_Information supplied_:
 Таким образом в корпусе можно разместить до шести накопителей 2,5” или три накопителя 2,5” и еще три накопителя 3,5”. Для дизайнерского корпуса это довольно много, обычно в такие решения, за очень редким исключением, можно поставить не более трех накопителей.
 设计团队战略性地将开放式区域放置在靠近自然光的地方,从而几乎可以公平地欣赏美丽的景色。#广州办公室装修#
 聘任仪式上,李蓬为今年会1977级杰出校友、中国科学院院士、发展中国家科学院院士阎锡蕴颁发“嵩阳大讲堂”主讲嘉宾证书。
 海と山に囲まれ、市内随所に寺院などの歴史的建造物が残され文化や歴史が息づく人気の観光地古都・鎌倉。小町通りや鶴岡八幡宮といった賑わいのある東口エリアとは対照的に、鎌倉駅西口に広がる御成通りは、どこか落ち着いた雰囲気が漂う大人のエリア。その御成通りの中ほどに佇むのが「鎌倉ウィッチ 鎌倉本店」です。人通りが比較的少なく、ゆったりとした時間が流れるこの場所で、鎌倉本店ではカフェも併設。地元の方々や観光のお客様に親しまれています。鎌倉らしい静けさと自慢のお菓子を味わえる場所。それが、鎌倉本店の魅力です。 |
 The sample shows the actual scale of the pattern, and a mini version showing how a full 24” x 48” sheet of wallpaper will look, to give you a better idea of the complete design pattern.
--
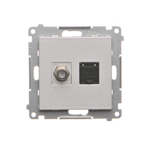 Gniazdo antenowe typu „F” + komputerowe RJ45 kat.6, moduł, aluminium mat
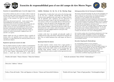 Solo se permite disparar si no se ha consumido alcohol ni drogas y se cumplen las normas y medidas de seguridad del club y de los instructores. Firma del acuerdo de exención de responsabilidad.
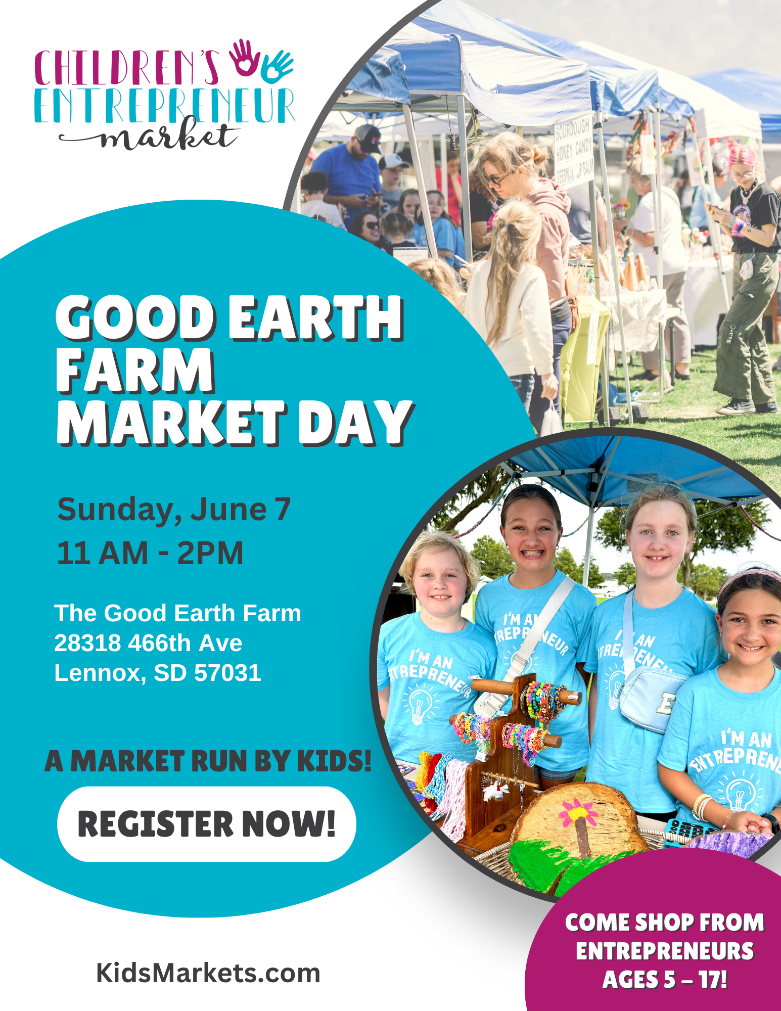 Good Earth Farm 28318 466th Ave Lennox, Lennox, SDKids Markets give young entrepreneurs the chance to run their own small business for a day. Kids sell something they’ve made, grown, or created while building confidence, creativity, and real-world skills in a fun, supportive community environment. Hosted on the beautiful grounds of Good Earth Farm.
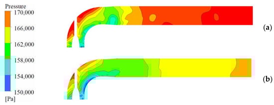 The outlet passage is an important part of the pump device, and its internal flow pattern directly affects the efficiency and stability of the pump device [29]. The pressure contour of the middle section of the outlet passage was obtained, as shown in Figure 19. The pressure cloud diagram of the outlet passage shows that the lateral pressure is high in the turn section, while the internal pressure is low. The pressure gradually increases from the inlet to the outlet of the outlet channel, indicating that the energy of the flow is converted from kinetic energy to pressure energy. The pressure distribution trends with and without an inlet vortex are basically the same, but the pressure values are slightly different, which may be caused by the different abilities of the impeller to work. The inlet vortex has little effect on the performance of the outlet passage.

_Exercise details_:
Leaving out all pictures, set down exactly the lines of the material above, from the line with "Gniazdo antenowe typu" to the line with "The outlet passage is" inclusive, and no others.

_Finished task_:
 Gniazdo antenowe typu „F” + komputerowe RJ45 kat.6, moduł, aluminium mat
 Solo se permite disparar si no se ha consumido alcohol ni drogas y se cumplen las normas y medidas de seguridad del club y de los instructores. Firma del acuerdo de exención de responsabilidad.
 Good Earth Farm 28318 466th Ave Lennox, Lennox, SDKids Markets give young entrepreneurs the chance to run their own small business for a day. Kids sell something they’ve made, grown, or created while building confidence, creativity, and real-world skills in a fun, supportive community environment. Hosted on the beautiful grounds of Good Earth Farm.
 The outlet passage is an important part of the pump device, and its internal flow pattern directly affects the efficiency and stability of the pump device [29]. The pressure contour of the middle section of the outlet passage was obtained, as shown in Figure 19. The pressure cloud diagram of the outlet passage shows that the lateral pressure is high in the turn section, while the internal pressure is low. The pressure gradually increases from the inlet to the outlet of the outlet channel, indicating that the energy of the flow is converted from kinetic energy to pressure energy. The pressure distribution trends with and without an inlet vortex are basically the same, but the pressure values are slightly different, which may be caused by the different abilities of the impeller to work. The inlet vortex has little effect on the performance of the outlet passage.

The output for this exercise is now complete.